Culture of TG/HA cells on high-modulus hydrogels resulted in the down-regulation of an additional 21 genes that were not flagged in our assays as being down-regulated more the 2 S.D.s in the medium-modulus samples. These included 5 genes related to cell:cell and cell:matrix interactions (EPHB4, EFNA3, EFNA1, THBS2, LAMA5, and COL18A1), 3 involved in metabolic reactions (AKT1, GAPDH, and TYMP), 7 involved with growth factor/chemokine signaling (CCL2, ANGPT2, EREG, HGF, FGF1, MDK, PDGFA, and NRP2), 1 related to hypoxia sensing (HIF1A), and 3 related to transcriptional or translational control of gene expression (ID1, ID3, and RPL13A). Together, alterations in these genes suggest significant phenotypic differences between the two moduli, especially regarding bidirectional cell:cell signaling through ephrin pathways and diffusible growth factor/chemokine signaling.

Conclusion

These studies demonstrate the ability of several cell types to adhere to and proliferate on heparinized PEG-based hydrogels of three different moduli.
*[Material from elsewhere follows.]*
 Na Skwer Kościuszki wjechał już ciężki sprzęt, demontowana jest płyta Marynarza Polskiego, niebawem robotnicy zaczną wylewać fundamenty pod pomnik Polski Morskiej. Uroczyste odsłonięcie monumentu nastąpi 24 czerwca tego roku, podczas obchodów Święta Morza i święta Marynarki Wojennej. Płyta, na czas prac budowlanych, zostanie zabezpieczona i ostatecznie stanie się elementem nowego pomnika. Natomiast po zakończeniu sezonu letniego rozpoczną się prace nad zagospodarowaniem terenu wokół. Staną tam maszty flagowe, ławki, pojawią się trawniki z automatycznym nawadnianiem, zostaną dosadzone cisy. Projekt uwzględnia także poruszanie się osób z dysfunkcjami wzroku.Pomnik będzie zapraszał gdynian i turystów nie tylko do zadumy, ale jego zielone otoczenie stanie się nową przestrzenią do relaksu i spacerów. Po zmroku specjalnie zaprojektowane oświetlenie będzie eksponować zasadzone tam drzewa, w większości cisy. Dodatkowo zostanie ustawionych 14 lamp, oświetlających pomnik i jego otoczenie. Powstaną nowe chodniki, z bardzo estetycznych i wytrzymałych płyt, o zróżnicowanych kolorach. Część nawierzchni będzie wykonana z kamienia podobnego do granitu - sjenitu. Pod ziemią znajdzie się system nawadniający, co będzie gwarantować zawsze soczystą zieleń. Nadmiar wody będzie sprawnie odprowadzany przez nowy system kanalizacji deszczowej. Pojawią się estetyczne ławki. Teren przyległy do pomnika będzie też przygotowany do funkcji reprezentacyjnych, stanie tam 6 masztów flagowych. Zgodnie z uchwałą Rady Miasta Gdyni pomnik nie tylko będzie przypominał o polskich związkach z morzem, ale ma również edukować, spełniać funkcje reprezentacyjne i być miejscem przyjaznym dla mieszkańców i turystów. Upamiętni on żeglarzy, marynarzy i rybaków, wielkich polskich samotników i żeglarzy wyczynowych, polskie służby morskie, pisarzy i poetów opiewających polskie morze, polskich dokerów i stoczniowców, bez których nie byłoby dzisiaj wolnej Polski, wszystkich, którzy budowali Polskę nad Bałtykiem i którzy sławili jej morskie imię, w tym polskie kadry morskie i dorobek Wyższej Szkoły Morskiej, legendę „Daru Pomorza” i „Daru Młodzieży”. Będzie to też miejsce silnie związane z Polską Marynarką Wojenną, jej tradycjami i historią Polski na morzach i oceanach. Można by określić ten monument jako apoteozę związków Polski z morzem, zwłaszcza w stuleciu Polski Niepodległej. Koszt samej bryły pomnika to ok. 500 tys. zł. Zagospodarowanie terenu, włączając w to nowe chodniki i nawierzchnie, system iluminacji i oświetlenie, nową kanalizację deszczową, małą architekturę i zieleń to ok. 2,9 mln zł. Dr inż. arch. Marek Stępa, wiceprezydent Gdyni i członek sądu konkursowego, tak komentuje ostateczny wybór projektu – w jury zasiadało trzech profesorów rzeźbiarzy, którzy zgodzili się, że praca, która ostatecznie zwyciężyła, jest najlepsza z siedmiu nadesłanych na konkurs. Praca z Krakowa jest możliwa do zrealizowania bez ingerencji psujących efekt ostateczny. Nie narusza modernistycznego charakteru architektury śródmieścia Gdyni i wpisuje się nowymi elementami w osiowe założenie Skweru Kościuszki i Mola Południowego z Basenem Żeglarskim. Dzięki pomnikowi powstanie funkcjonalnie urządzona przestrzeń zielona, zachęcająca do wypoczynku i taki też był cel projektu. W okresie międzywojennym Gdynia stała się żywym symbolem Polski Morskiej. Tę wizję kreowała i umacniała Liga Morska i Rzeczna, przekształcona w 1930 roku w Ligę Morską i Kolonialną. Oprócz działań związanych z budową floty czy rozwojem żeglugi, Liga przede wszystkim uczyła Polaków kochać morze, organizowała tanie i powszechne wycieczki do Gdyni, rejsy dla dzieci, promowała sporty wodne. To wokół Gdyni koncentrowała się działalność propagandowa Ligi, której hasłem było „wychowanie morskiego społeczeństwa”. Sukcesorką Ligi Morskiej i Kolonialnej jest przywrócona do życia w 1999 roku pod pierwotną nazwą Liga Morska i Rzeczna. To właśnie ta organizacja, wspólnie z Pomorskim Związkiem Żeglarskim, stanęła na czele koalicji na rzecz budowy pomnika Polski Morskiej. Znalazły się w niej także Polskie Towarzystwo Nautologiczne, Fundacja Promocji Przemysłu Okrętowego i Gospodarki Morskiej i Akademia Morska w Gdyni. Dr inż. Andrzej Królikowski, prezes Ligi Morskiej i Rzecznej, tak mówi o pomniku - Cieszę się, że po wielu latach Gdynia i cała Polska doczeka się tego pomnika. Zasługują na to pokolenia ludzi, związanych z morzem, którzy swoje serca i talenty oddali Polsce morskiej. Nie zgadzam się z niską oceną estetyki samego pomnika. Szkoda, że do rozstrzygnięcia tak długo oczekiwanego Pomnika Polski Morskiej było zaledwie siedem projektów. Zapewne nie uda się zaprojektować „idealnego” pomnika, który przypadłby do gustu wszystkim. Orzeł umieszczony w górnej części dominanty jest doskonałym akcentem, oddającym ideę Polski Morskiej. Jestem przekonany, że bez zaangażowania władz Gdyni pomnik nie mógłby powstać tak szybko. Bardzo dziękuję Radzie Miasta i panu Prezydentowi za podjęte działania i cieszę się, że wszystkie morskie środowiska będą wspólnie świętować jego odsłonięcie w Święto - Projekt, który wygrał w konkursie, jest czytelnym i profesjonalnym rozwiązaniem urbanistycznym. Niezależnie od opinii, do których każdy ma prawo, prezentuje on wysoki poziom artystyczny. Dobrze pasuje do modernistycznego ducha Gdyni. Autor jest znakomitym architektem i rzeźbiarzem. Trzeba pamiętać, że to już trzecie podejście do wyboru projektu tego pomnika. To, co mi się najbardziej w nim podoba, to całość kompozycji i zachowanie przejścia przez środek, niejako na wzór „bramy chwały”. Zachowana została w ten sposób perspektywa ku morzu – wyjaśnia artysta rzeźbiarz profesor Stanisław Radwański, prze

Importantly, responses to differences in hydrogel stiffness were cell-type specific, with NIH3T3 cells and HUVECs demonstrating greater proliferation on lower modulus hydrogels and AoAF cells demonstrating greater proliferation on higher modulus hydrogels. The three vascular cell types displayed different changes in gene expression in response to growth on hydrogels, as well. Specifically, AoAF cells expressed a pattern of mRNAs consistent with an inflammatory response when cultured on hydrogels and showed a complex pattern of gene expression that indicated differences in fibroblast phenotype when cultured on hydrogels of different moduli. The expression profiles in HUVECs suggested enhanced migration when cultured on medium versus low modulus hydrogels, as well as differential effects of hydrogel modulus on growth factor expression. T/G HA-vSMCs had expression profiles that indicated differential activation of signaling pathways in cells cultured on hydrogels versus TCPS, and displayed modulus-specific differences in cell:cell signaling. Overall, these results indicate that the mechanical properties of hydrogels can have as great of an influence on cell phenotype as the chemical properties and suggest potential applications for heparinized, PEG-based hydrogels with spatially resolved mechanical properties to encourage the organization of multiple cell types in complex multicellular constructs.